### Joining and Merging of data sets

In [2]:
import pandas as pd
import numpy as np
import warnings
warnings.filterwarnings('ignore')

#### Creating a dataframe

In [4]:
names=pd.DataFrame({'id':[1,2,3,4,5],
                   'name':['Lala','Bob','Manu','Dan','Evan']})
ages=pd.DataFrame({'id':[1,2,3,4,5],'age':[20,21,25,26,40]})

#### Now when we have two separate data frames which are related to one another, we can combine them into one data frame. It is important that we have a common column that we can merge on. In this case, this is id

In [6]:
df=pd.merge(names,ages,on='id')
df.set_index('id',inplace=True)

In [7]:
df

Unnamed: 0_level_0,name,age
id,Unnamed: 1_level_1,Unnamed: 2_level_1
1,Lala,20
2,Bob,21
3,Manu,25
4,Dan,26
5,Evan,40


#### Joins

It is not necessarily always obvious how we want to merge our data frames.This is where joins come into play. We have four types of joins. 

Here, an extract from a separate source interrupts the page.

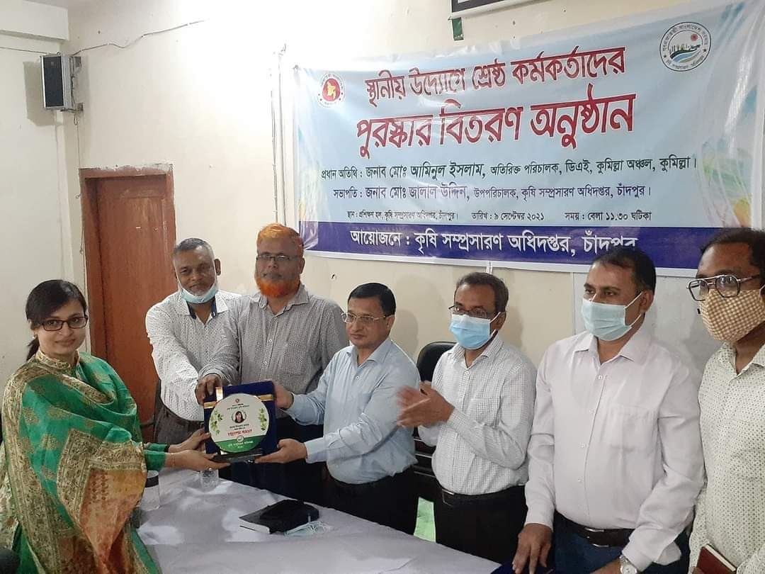 ৯ সেপ্টেম্বর বৃহস্পতিবার বিকেলে কৃষি সম্প্রসারণ অধিদপ্তর চাঁদপুর উপ-পরিচালকের কার্যালয়ে আনুষ্ঠানিকভাবে এ পুরস্কার গ্রহণ করেন তিনি।

![image.png](attachment:image.png)

#### Now let's change our two data frames a little bit. 

In [8]:
names=pd.DataFrame({'id':[1,2,3,4,5,6],
                   'name':['Lala','Bob','Manu','Dan','Evan','Nora']})
ages=pd.DataFrame({'id':[1,2,3,4,5,7],'age':[20,21,25,26,40,34]})

#### Our names frame now has an additional index 6 and an additional name. And our ages frame has an additional index 7 with an additional name. 


In [9]:
df=pd.merge(names,ages,on='id',how='inner')
df.set_index('id',inplace=True)
df

Unnamed: 0_level_0,name,age
id,Unnamed: 1_level_1,Unnamed: 2_level_1
1,Lala,20
2,Bob,21
3,Manu,25
4,Dan,26
5,Evan,40


#### If we now perform the default inner join, we will end up with the same data frame as in the beginning. We only take the keys which both objects have. This means one to five. 

In [10]:
df=pd.merge(names,ages,on='id',how='left')
df.set_index('id',inplace=True)
df

Unnamed: 0_level_0,name,age
id,Unnamed: 1_level_1,Unnamed: 2_level_1
1,Lala,20.0
2,Bob,21.0
3,Manu,25.0
4,Dan,26.0
5,Evan,40.0
6,Nora,


#### When we use the left join, we get all the keys from the names data frame but not the additional index 7 from ages. This also means that Nora won't be assigned any age. The same principle goes for the right join just the other way around. 



In [11]:
df=pd.merge(names,ages,on='id',how='right')
df.set_index('id',inplace=True)
df

Unnamed: 0_level_0,name,age
id,Unnamed: 1_level_1,Unnamed: 2_level_1
1,Lala,20
2,Bob,21
3,Manu,25
4,Dan,26
5,Evan,40
7,,34


#### Now, we only have the keys from the ages frame and the 6 is missing. Finally, if we use the outer join, we combine all keys into one data frame. 


In [13]:
df=pd.merge(names,ages,on='id',how='outer')
df.set_index('id',inplace=True)
df

Unnamed: 0_level_0,name,age
id,Unnamed: 1_level_1,Unnamed: 2_level_1
1,Lala,20.0
2,Bob,21.0
3,Manu,25.0
4,Dan,26.0
5,Evan,40.0
6,Nora,
7,,34.0